Distributed Data-Parallel(DDP):
Quantization is effective, but if you're aiming for top-notch performance and speed, leveraging multiple GPUs can be a game-changer. Distributed Data-Parallel (DDP) is a multi-GPU strategy that can help you achieve that. In DDP, you deploy your LLM on each GPU, split your data, and pass each split to a dedicated GPU. The outputs are then collected and synchronized to update gradients, making it a highly efficient parallel processing technique.
However, DDP has a drawback. If your LLM exceeds your GPU's storage capacity, you might face difficulties. Additionally, redundancy can be observed in DDP. To overcome these issues, you can turn to Full Sharded Data Parallel (FSDP), which leverages the ZeRO memory optimization technique.

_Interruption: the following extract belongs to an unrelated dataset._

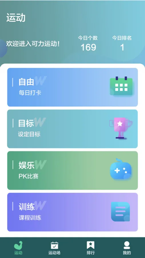 可力运动是一款集基础握力训练、互动娱乐训练、竞技排行等为多项功能模块为一体的运动健身类软件,需同可力握力器硬件产品配合使用,拥有多模式的单人握力基础训练、机器人教练指导监督教学、仿真3D运动场景等,实时显示握力运动数据,轻松实现个性化健身运动。

Full Sharded Data Parallel (FSDP):
ZeRO operates in three stages, each progressively optimizing memory usage. In the first stage, only optimizer states are sharded across all GPUs. The second stage includes optimizer states and gradients. The final stage goes all-in, sharding optimizer states, gradients, and model parameters.

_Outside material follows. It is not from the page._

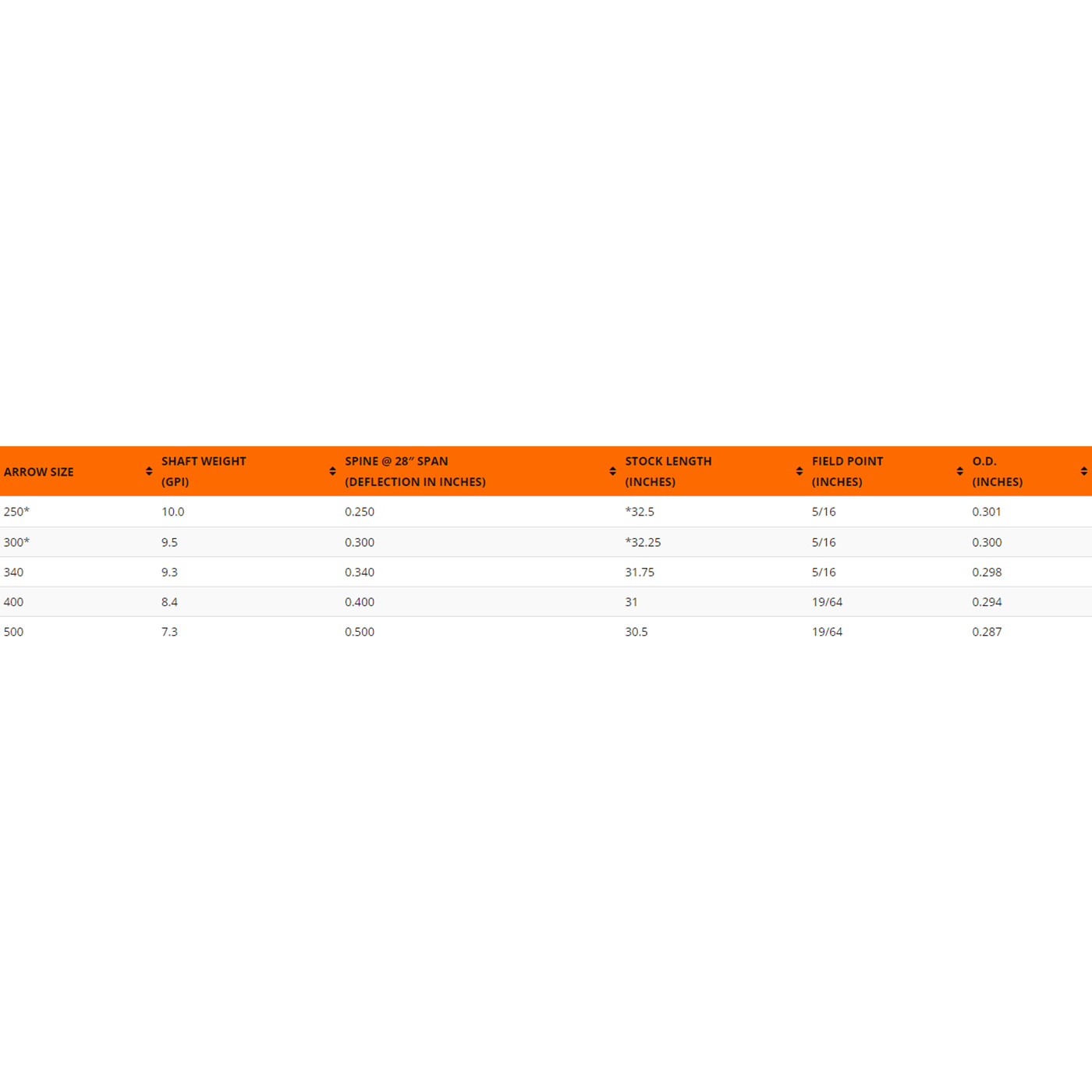 - Note: Shafts only; not arrows.

Combining ZeRO's stages with the DDP concept results in FSDP. In this process, instead of storing the entire LLM on each GPU, a shared LLM is stored, and split data is passed to each GPU. The outputs are collected, combined, and then forwarded for both forward and backward propagation. The final step involves gradient synchronization and weight updates.
With ZeRO and FSDP in your toolbox, you can efficiently address the computational challenges posed by large LLMs. These techniques open up new possibilities in natural language processing, allowing you to tackle more complex tasks and push the boundaries of LLM applications.